If I recall correctly, the destination planet for the astronauts in 2001 the book was Saturn. This added an intriguing twist to the end of the movie: it’s realized that Saturn’s rings were deliberately created to highlight the planets, so that humans would know to look here for the monolith.
The movie has no such mention; the mission is to Jupiter, though no real explanation is given of why.
Am I remembering the book correctly? Anyone know why the change happened?
Thirded. It’s discussed at some length in the excellent The Making of 2001.
One of my favorite bits in that book are excerpts from various newspapers’ reviews of the movie; it points out that no two critics agreed on the name of the style of the decor and furniture in the bleak suite of rooms in which Dave Bowman “dies” at the end.
Well, yes. But virtually every movie critic quoted felt the need to say it was “French Provincial,” “Louis Quinze,” “Regency,” or the like. And none of them agreed with the others.
Why Jupiter is explained. The signal the monolith emitted when sunlight fell on it was directional, and pointed at Jupiter. The book has a section about it being picked up by space probes - of course directed to Saturn.
The book also mentions that the monolith is on Iapetus, a satellite of Saturn with different albedos on each side. In the book this was set up by the aliens, we’ve been there now and no stargate, alas.
I asked a similar question in a thread not too long ago because the book changed it suddenly from 2001 to 2010. By the end of the book, you realize the setting HAD to be Jupiter so the change is quite forgiveable…
Kinda sorta not really.
It was published afterwards, but the short story (“The Sentinel”) that was the basis of both the novel and the movie was written before-hand, and the novel was developed and written concurrently with the movie.
Clarke has stated some contradictory information on this over the years. In the beginning he said the novel was written first, and was rather insistent on the point because of all the people who thought he did a novelization (which at the time was a low-class thing for a famous writer to do). Over time he backed off on the point somewhat.
His biography and autobiography made it quite clear that the novel was worked on during the time he and Kubrick were working on the script, and the planning, for the movie. The novel was complete long before the movie was, and Clarke was a bit miffed at not being allowed to get it published until the time the movie opened, since he was short on money. After the movie, money was no problem.
Agel has a page listing killings in 2001, and the last entry was Clarke. (He wouldn’t say how much he made, but he was happy.)
It couldn’t have been over that much time. His book The Lost Worlds of 2001 shows the changing novel through time as the work on the film progressed – and it was published (IIRC) in the mid 1970s, only a few years after the 1968 release of the film.

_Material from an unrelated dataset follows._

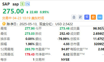 思爱普 $SAP 涨9%,Q1营收同比增长11%至90.1亿欧元,调整后每股收益同比大增79%。
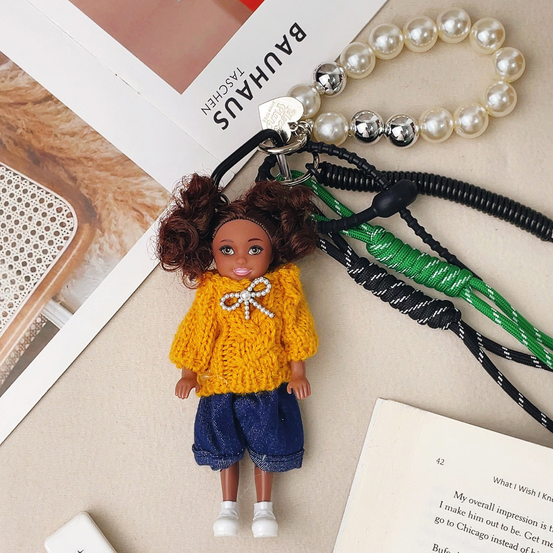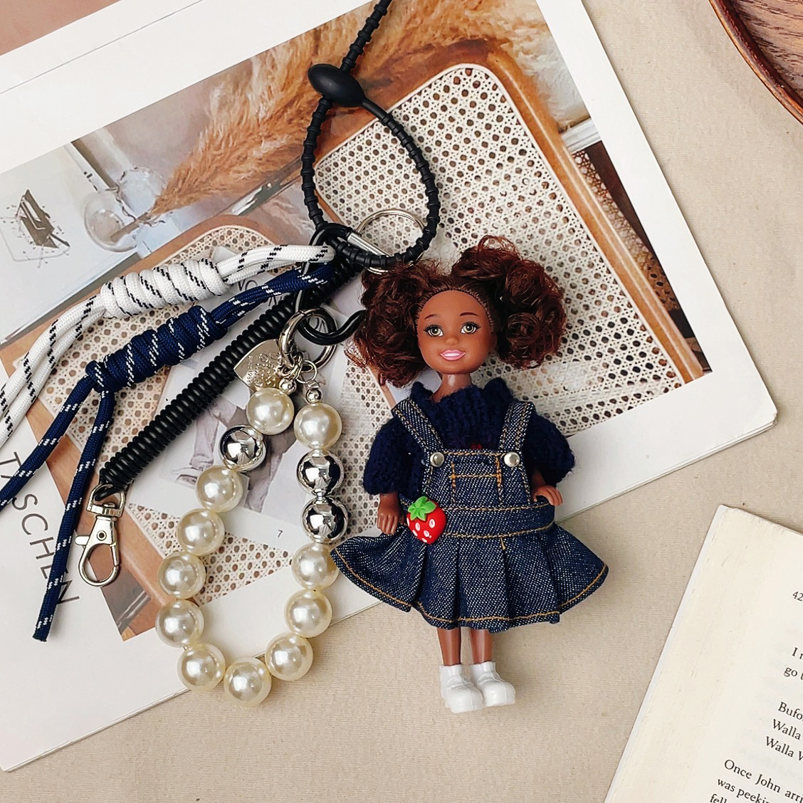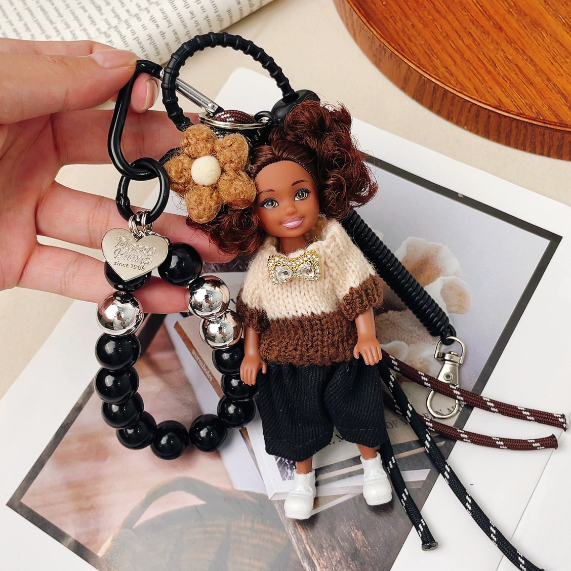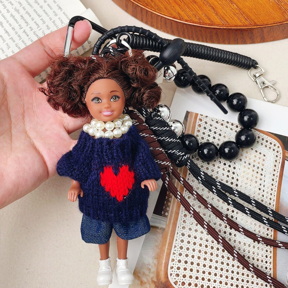 가방 교수형 인형 한국 하이 엔드 센스 귀여운 만화 바비 인형 키 체인 곱슬 머리 검은 소녀 Schoolbag 펜던트

Novelizations may have been a low-class thing for a famous writer to do, I agree, but by 1968 both Isaac Asimov (Fantastic Voyage) and Ellery Queen (A Study in Terror) had done them, and probably others as well.
I’m going by 40-year-old memories, to be sure, but at the time I was into fanzines and I vividly remember an article by Clarke in one in which he quite angrily stated that he had written the novel first. It was a big hoo-ha for a while.
If I also am remembering correctly, Asimov got a fair amount of shit for lending his name to the film. And A Study in Terror was ghosted by Paul Fairman during the Ellery Queen house name period when Manny Lee had writer’s block and didn’t write anything between 1958’s The Finishing Stroke and 1968’s The House of Brass. If Queen could put his name on the crappy paperbacks they were issuing getting some quick money for a novelization wasn’t beneath them.
I don’t believe that even with these few examples Clarke wanted to have people think he did just for the money.